Expression of CTLA-4–FasL and ß2m–FasL fusion proteins
Two FasL-containing fusion proteins, CTLA-4–FasL and ß2m–FasL, were produced using chimeric coding sequences. The CTLA-4–FasL fusion protein, incorporating as its second component the ectodomain of human CTLA-4, was designed with dual functions in mind: (i) binding to, and thereby masking of, resident B7-1/B7-2 (CD80/CD86) on APC surfaces, and (ii) conferring pro-apoptotic trans signaling activity to APC (with the membrane-anchored FasL on APC signaling to the Fas receptor on responding T cells). ß2m–FasL was developed as a FasL-containing, control fusion protein lacking the capacity to engage B7 proteins. These two fusion proteins were produced by stably transfecting the respective chimeric coding sequences, carried in EBV episomal expression vectors, into 293 human embryonic kidney cells (see Methods). The 293 cells were chosen for producing these FasL-containing fusion proteins since this cell line has been used previously with success for the expression of functional sFasL trimers (13). Of note, a Flag epitope tag was incorporated into ß2m–FasL (in between the ß2m and FasL sequences) in order to facilitate molecular analyses and permit antibody cross-linking (with anti-Flag mAb) of this fusion protein in some experiments (vide infra).

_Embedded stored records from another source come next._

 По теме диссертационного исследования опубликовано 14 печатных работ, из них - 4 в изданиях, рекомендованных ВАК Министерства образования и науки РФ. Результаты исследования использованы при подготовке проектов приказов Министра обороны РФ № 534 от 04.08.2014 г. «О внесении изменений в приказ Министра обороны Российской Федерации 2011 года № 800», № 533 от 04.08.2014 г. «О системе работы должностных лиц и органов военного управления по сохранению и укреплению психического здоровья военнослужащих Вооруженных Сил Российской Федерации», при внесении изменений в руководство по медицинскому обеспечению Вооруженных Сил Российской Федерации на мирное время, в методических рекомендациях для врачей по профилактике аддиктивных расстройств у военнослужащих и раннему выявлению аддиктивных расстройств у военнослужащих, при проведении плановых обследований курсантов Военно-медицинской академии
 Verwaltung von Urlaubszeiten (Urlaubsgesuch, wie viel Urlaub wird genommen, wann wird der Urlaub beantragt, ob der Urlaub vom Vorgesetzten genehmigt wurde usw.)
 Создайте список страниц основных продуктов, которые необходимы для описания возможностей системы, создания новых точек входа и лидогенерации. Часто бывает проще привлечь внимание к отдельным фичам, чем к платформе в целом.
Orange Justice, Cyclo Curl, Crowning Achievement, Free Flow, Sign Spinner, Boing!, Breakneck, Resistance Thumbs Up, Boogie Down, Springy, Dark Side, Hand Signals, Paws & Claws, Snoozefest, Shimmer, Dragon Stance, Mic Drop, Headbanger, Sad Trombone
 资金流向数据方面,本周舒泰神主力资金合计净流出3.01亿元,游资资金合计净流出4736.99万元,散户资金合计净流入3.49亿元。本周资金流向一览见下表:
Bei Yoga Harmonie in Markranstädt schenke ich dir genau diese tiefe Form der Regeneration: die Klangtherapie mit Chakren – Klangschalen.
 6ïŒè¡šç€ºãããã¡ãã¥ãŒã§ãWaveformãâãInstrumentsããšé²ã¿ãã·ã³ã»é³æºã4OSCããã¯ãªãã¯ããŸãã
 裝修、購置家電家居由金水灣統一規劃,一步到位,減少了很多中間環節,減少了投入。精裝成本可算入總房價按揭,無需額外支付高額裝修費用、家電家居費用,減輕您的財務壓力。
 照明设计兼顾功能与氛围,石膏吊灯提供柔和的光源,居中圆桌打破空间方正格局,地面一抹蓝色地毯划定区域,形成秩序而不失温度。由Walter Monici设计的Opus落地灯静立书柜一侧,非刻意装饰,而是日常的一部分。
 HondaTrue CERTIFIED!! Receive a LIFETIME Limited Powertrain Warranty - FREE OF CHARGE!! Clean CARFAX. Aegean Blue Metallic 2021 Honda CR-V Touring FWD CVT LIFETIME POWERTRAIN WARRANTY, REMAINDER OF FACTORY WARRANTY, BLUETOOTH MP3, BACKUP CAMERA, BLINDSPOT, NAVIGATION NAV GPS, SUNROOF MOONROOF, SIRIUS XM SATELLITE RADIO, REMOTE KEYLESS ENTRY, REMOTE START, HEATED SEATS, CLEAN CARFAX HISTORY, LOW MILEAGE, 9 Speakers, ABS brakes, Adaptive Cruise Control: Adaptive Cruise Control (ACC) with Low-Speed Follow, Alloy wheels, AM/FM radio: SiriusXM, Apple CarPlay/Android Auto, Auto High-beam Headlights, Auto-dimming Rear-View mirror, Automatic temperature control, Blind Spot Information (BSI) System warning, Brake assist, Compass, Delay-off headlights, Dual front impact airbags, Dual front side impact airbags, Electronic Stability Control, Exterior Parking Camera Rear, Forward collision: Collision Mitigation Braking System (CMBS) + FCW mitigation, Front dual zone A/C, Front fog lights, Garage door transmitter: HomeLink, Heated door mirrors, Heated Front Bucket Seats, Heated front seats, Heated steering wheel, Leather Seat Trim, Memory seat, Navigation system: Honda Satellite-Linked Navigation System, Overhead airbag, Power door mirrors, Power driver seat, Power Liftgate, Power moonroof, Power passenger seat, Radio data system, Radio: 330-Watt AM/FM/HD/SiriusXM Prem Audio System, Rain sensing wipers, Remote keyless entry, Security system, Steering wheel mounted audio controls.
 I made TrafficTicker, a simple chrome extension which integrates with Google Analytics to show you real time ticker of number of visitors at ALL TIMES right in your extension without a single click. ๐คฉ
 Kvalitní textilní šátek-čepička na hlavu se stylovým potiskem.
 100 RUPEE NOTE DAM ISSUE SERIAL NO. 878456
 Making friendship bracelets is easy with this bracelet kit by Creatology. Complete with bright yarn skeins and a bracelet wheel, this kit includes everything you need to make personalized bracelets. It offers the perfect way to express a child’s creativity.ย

Secretion of the two fusion proteins from transfectant cell lines was quantitated using a FasL-specific ELISA, with levels in 5–6-day conditioned media ranging from 0.1 to 1.0 µg/ml (data not shown).

Both FasL and CTLA-4 proteins form multimers in their native forms, existing as non-covalently-associated homotrimers and disulfide-linked homodimers respectively. The multimerization status of the CTLA-4–FasL fusion protein was first evaluated via immunoblotting experiments. Conditioned media from two CTLA-4–FasL transfectant clones were processed for SDS–PAGE and immunoblotting with FasL-specific antiserum, in the presence or absence of reducing agent. In the absence of reducing agent, two prominent ~70–90 kDa molecular species, along with a weaker one at ~45 kDa, were detected (Fig. 1AGo). In contrast, in the presence of reducing agent, the larger bands disappeared, leaving only the ~45 kDa band. As expected, no significant FasL immunoreactivity was detected in conditioned media from a negative control, i.e. vector-only 293 cell transfectants. This finding was consistent with the presence of inter-chain disulfide bridges between ~45 kDa CTLA-4–FasL monomers.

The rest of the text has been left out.